Over the next year, we will be providing our information in the data warehouse as a ‘proof of concept’ once we have successfully anonymised it. This will be provided under a contractual agreement to a subset of users, who will be able to use it to develop their own products and systems. As part of this arrangement, Discovering Safety will provide an API service so users can query both our data and their own.

“We will be engaging with industry in the coming months to find out how they would use the data warehouse and gain most value from it. We will then develop the warehouse further based on their opinions,” said Joseph.

Discovering Safety would like to hear from anyone in industry who is interested in finding out more or in helping us develop the data warehouse by giving us their perspective or sharing data.


About Knowledge Graphs

Knowledge graphs are a clear way of presenting data from data warehouse searches. Based on an innovation pioneered by Google, they are the foundation of many advanced AI applications. A knowledge graph shows a network of related concepts, providing a system to link information across documents and encapsulating the ‘tacit knowledge’ of subject matter experts.
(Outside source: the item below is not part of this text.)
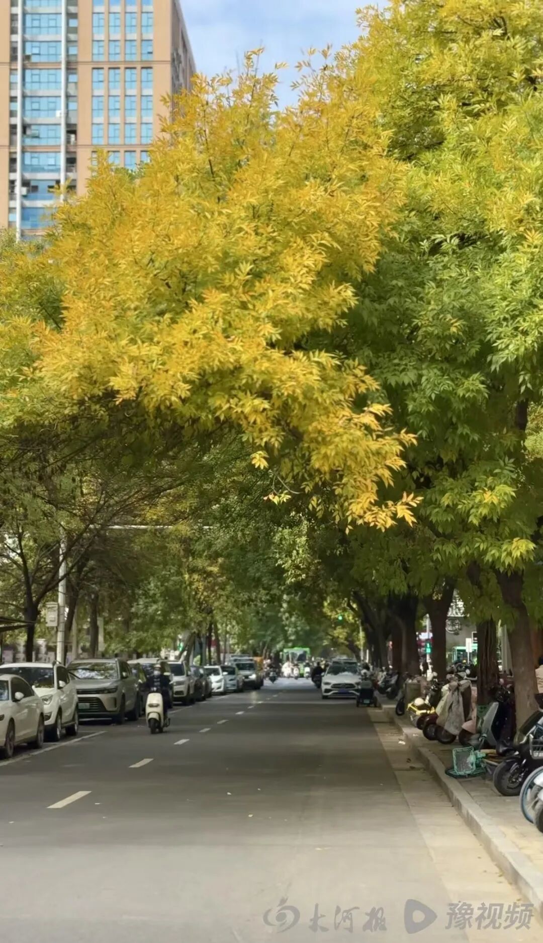 的确,放眼望去,金水路、中原路等主干道上的悬铃木(法桐)主力军,大部分仍是一身绿装,似乎对渐浓的秋意“无动于衷”。不过,秋天的脚步并未停歇,细心的市民或许已经发现,在郑东新区商务外环路等地,一些银杏树的叶片边缘已经悄悄染上了一抹金黄,秋意已在城市的局部悄然显现。

Our data warehousing project has begun work on a health and safety knowledge graph with Enterprise Knowledge, which we hope to develop in collaboration with industry. This will use a ‘recommender’ system which works by taking a building practice and instantly returning all related guidance for mitigating associated risks – avoiding the need to search through large guidance documents.

“We’re looking for industry partners to help us decide what domains to include and how the knowledge graph can become a really useful tool,” said Caleb Williamson, a data scientist who has been exploring the potential of knowledge graphs to unlock insights from the data gathered in the warehouse.

A knowledge graph could show which pieces of guidance (if they had been followed) would have prevented the greatest number of accidents for a given work scenario, enabling HSE to design an intervention to encourage greater uptake or to update the guidance. It could also highlight types of accidents that are not currently covered by guidance, so new guidance could be written.

“This will allow HSE to advocate for mitigation measures to be designed into projects at a much earlier stage, so that common and risky activities such as manual handling are eliminated,” Caleb added.